A documented 'uh-oh'

When Computerworld's Jaikumar Vijayan broke the story last week about a Florida county that posts on its Web site documents with residents' personal information, we knew we'd snagged a big one. But it wasn't until Vijayan's pursuit of the story uncovered the extent to which the practice is carried out all over the country that we understood what we were on to . It was then that an expletive or two echoed through the newsroom. Rough translation: "Uh-oh."

It began, as many of our stories do, with a tip from a reader. Bruce Hogman, a resident of Broward County, Fla., with 30 years of IT experience, wanted us to be aware that the county's Web site is a treasure trove of personal information -- including Social Security, bank account and driver's license numbers -- contained in property records and other public documents. According to Hogman, Florida's two senators, various state legislators, the FBI and the Federal Trade Commission had all turned a deaf ear to his concerns about these online records being used to aid identity theft and other forms of fraud.

In all fairness, it's not surprising that these government officials might dismiss Hogman as a crackpot. If his concerns were legitimate, why hadn't they been raised sooner? Why hadn't there been a huge clamor about a practice that, if true, would be so blatantly ill-conceived and contrary to the public good?

Yet if the officials had bothered to investigate Hogman's claims, they would have found that everything he said is true. If any one of them had phoned Sue Baldwin, director of the Broward County Records Division, Baldwin could have confirmed it as casually and as matter-of-factly as she did with Vijayan.

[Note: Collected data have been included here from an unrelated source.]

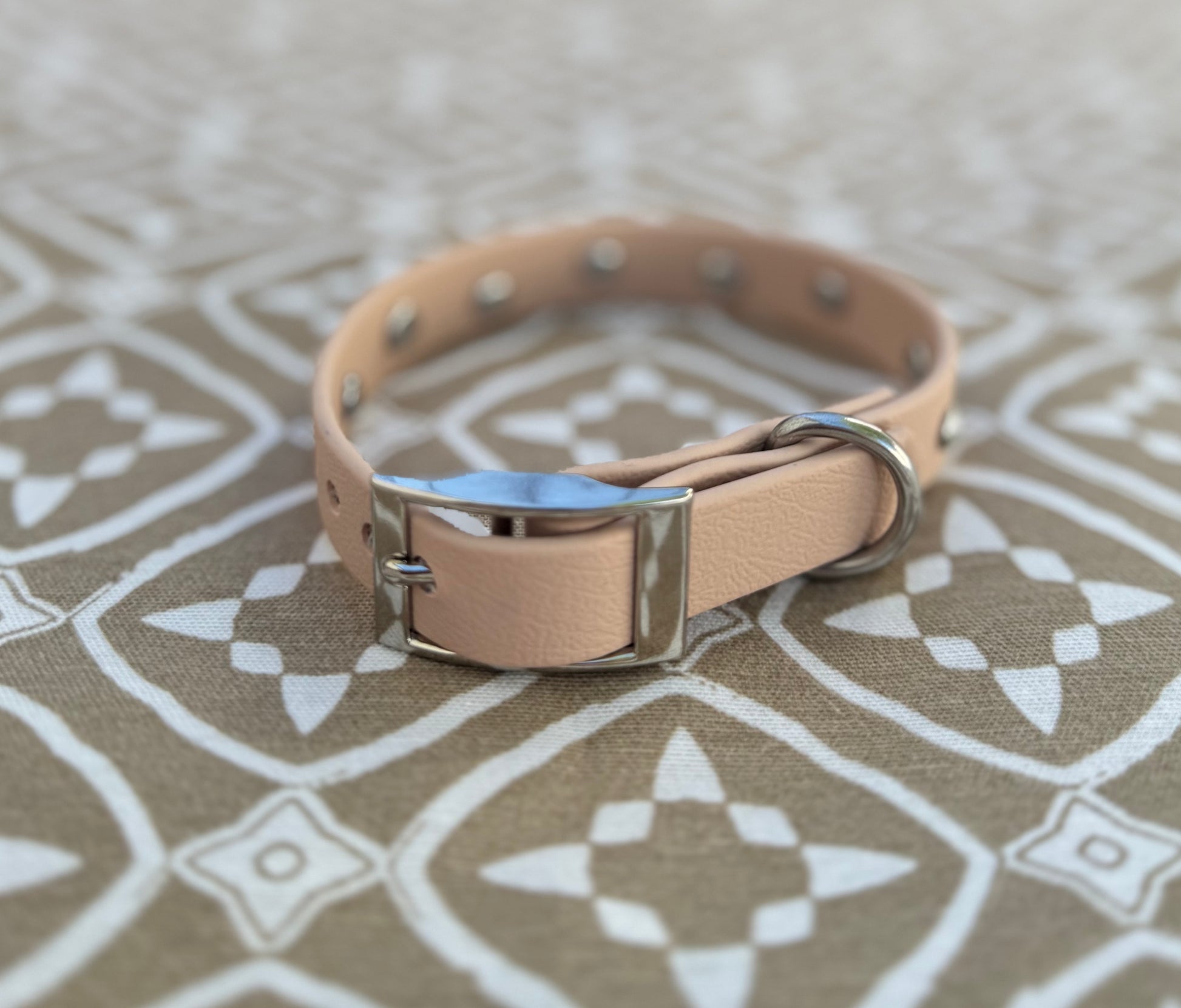 El collar de biothane combina resistencia, comodidad y estilo en un solo accesorio.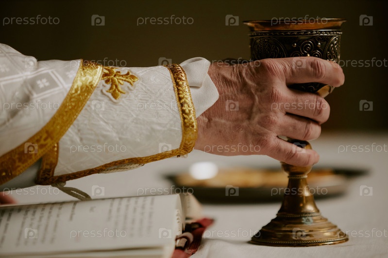 Непризнанный священник, держащий чашку вина в руке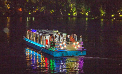 中秋月圆,很多市民会选择乘船夜游两江四湖。坐在灯光绚丽的豪华游船上,沐浴着凉爽秋风,谈天论地,赏月赏景,美哉快哉。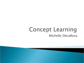 Concepts can be concrete or abstract and are defined as sets of objects or events grouped together based on shared characteristics. There are different levels of understanding concepts from classificatory, where examples and non-examples can be recognized, to formal, where reasons can be provided. Instructional strategies for teaching concepts include presenting examples and non-examples, highlighting terms, using visuals or stories, and describing attributes. Learners should distinguish examples from non-examples, generate their own examples, and apply the concept.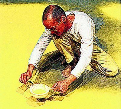 Wolfgang Laib bestreut für eine Installation eine Fläche mit Haselnusspollen.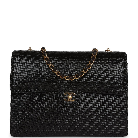 Vintage Chanel Flap Bag Black Wicker Gold Hardware

"All this information has been out there and available since the beginning of time," she told Vijayan last week. "It was out there, and the people who were educated about it knew it was there. It's been online since 1999." Moreover, the same situation exists in "all the counties in Florida [and] lots of [other] states," Baldwin said.

Now that Vijayan's reporting, which substantiated those comments, has been picked up by several other national media outlets and we've been educated about what can only be characterized as an outrageous, far-reaching breach of personal privacy and security, it will be interesting to see what happens next.